Three Americans have died (as of Nov 2004) after taking the pill since it was approved, during a heavily politicized process by Congress and the Clinton administration, in September 2000. The new announcement suggests that the FDA still hasn't learned its lesson – and that this drug should be taken off the pharmacy shelves.

The story of how RU-486 got approval is buried in 9,300 pages of documents released by the drug agency to the legal watchdog group Judicial Watch, which filed a Freedom of Information Act suit.

These documents show that the Clinton administration – which had been warned of the drug's potential hazards as far back as 1995 in a citizen petition filed by Americans United for Life – pushed to get RU-486 approved before the 2000 election despite the lack of reliable data demonstrating its safety.

Congress may have been satisfied, but many doctors were not. Some researchers had detailed the dangers of RU-486 – including me, in an article I helped write that appeared in The Annals of Pharmacotherapy in January 2003 – but neither the public nor our elected officials took notice.

Then, last September, an 18-year-old named Holly Patterson died after an RU-486 abortion at a Planned Parenthood clinic in CA. An autopsy found that she died of septic shock caused by endomyometritis, an inflammation of the uterus, "due to therapeutic, drug-induced abortion."

 

 

One other American, one Canadian, two Britons and one Swede are also known to have died after taking RU-486. And on Monday, the FDA revealed that a third American woman died last January…this newspaper reported that the agency "has received 676 reports of problems with the drug, including 17 ectopic pregnancies, 72 cases of blood loss so severe that they required transfusions and 7 cases of serious infections."

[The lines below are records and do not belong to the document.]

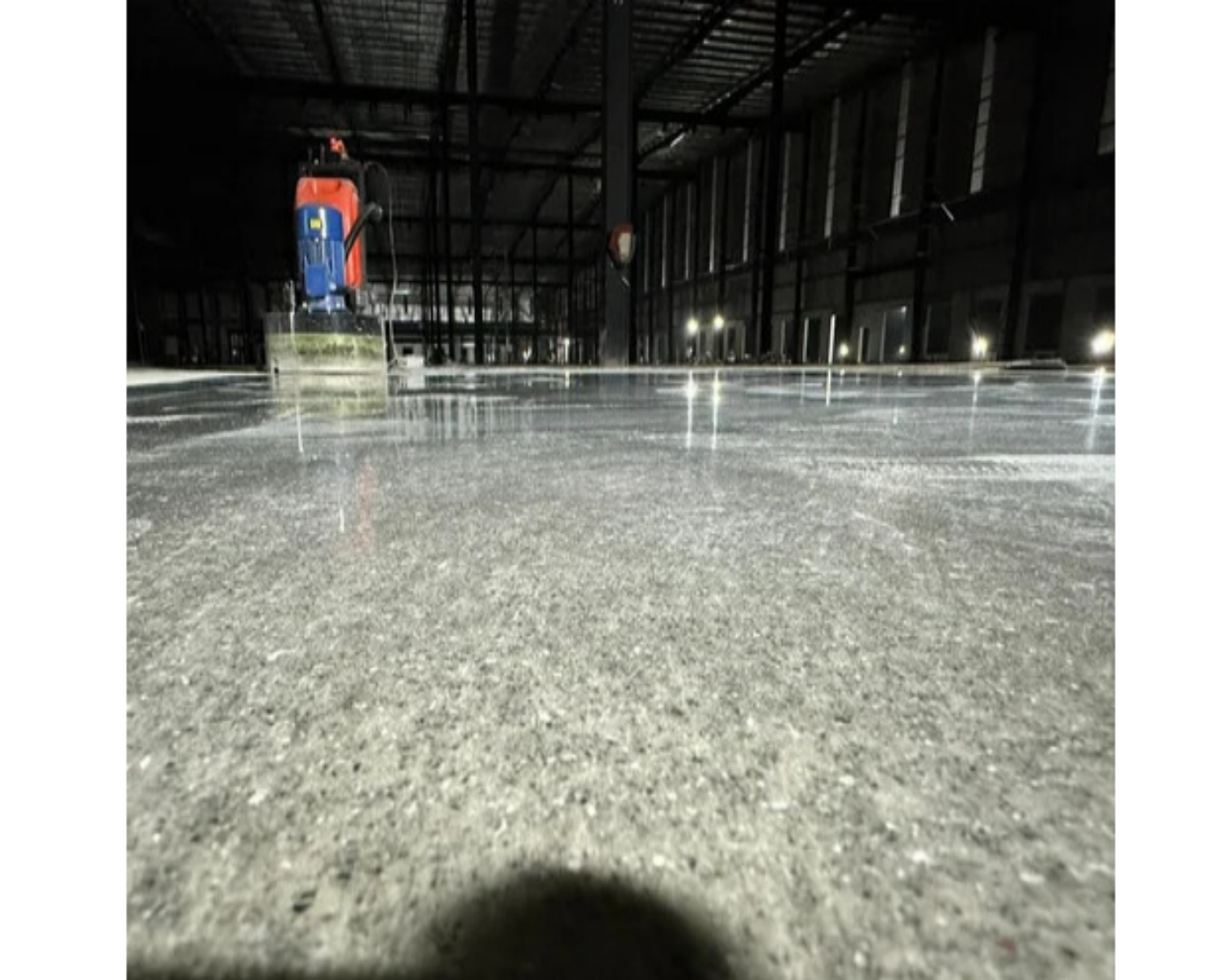 Q: How does your concrete polishing process ensure a dust-free and durable finish?
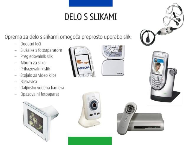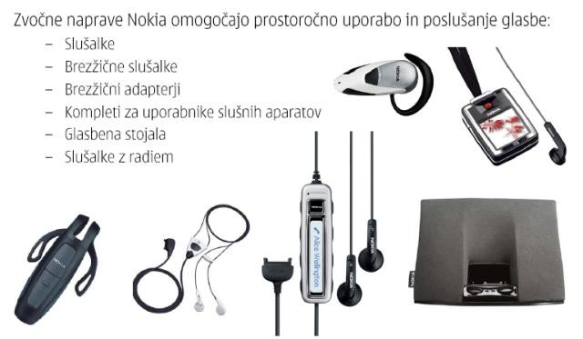 slogu kot mobilni telefoni in podpira funkcionalnost, ki jo nudi posamezni telefon, saj je načrtovana skupaj s telefoni. Najnovejši produkti iz skupine dodatne opreme Nokia so brezžična tipkovnica (Nokia Wireless Keyboard SU-8W), bliskavica (Nokia Camera Flash PD-2), ki v kratkem prihajata na tržišče, ter slušalke z zaslonom (Nokia Display Headset HS6), ki jih je Nokia pred nekaj dnevi predstavila na srečanju 3GSM World Congress v Cannesu.
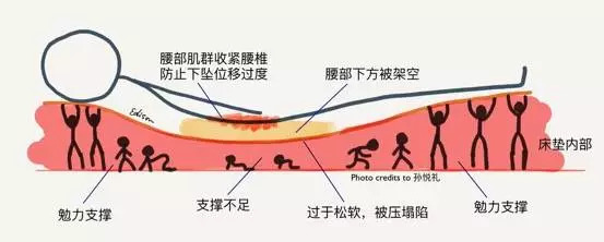 在睡觉时,无论仰卧还是侧卧,脊柱周围的肌肉都会发力以维持一定的支撑,海绵之类太软的材质,不能给身体足够的支撑,因此一觉睡醒就会有腰酸背痛的感觉。
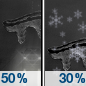 Temperature: 30°F Wind Speed: 3 mph Wind Direction: SW Forecast: Snow likely. Cloudy, with a high near 30. Southwest wind around 3 mph. Chance of precipitation is 60%. New snow accumulation of less than half an inch possible. |
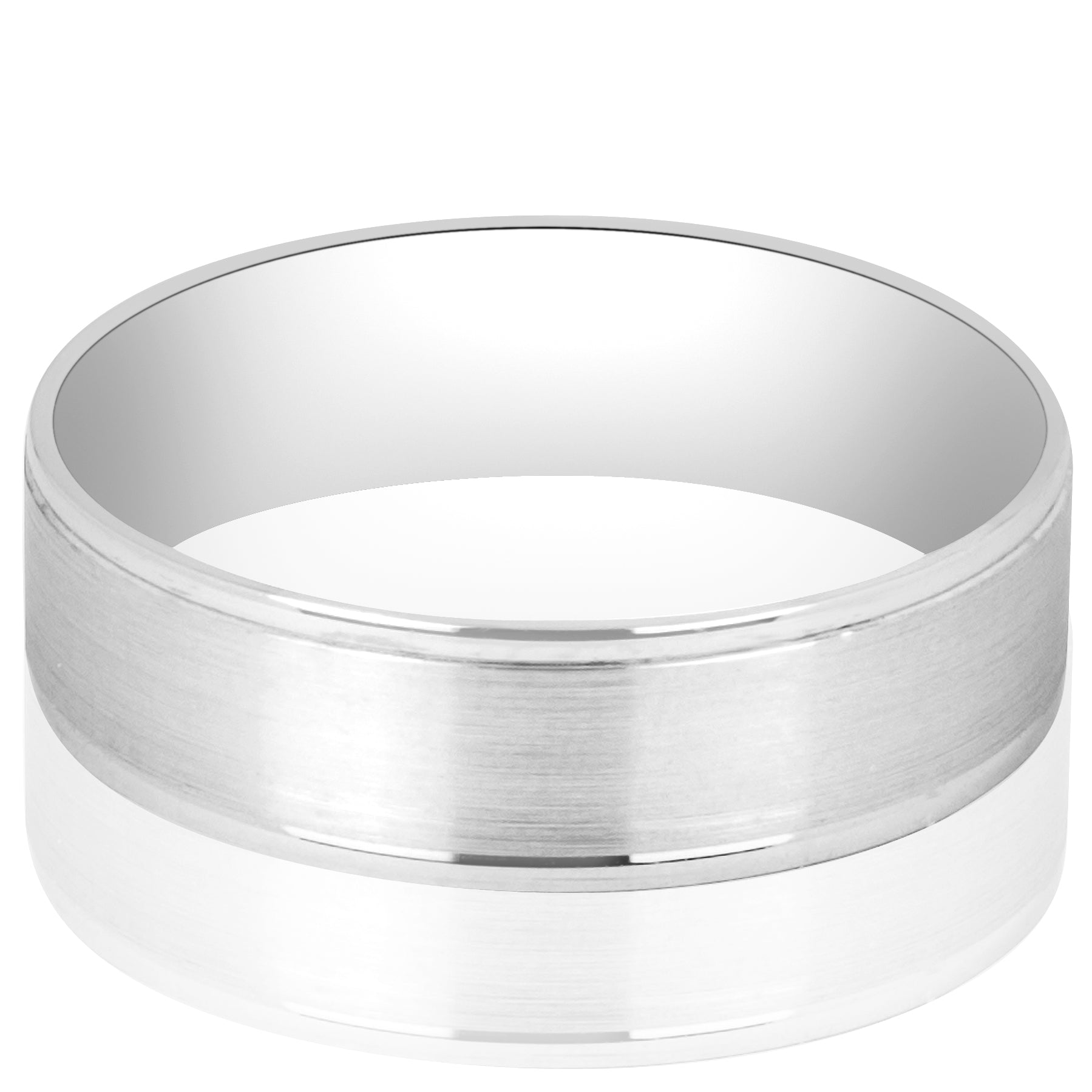 Alianza de matrimonio para caballero estilo mate plana, con dos franjas laterales lisas. Uno de nuestros modelos favoritos para caballero. Disponible en oro blanco, rosa y amarillo 14K. Alianza sólida y con comfort fit para mayor comodidad.

An RU-486 abortion is not a "little white pill," as its advocates like to say, but actually a two-drug regimen, consisting of 600 milligrams of mifepristone followed, one to two days later, by 400 milligrams of a drug called misoprostol. The first pill starves the developing embryo, the second induces uterine contractions to expel it and other tissue.

Serious dangers can arise if a pregnant woman takes the first pill but fails to take the second, or if she or her clinic miscalculate dates, since the dangers of the regimen substantially increase after 49 days from conception, and the ability to cause a complete abortion significantly decreases.

Infection caused by an incomplete abortion that leaves fetal tissue in the uterus has been linked to two deaths while bleeding caused by an incomplete abortion has been linked to one near-death. In addition, RU-486 may mask symptoms of ectopic pregnancy (linked to one death) or lead to cardiac problems, including a myocardial infarction in a 21-year-old woman three days after an abortion.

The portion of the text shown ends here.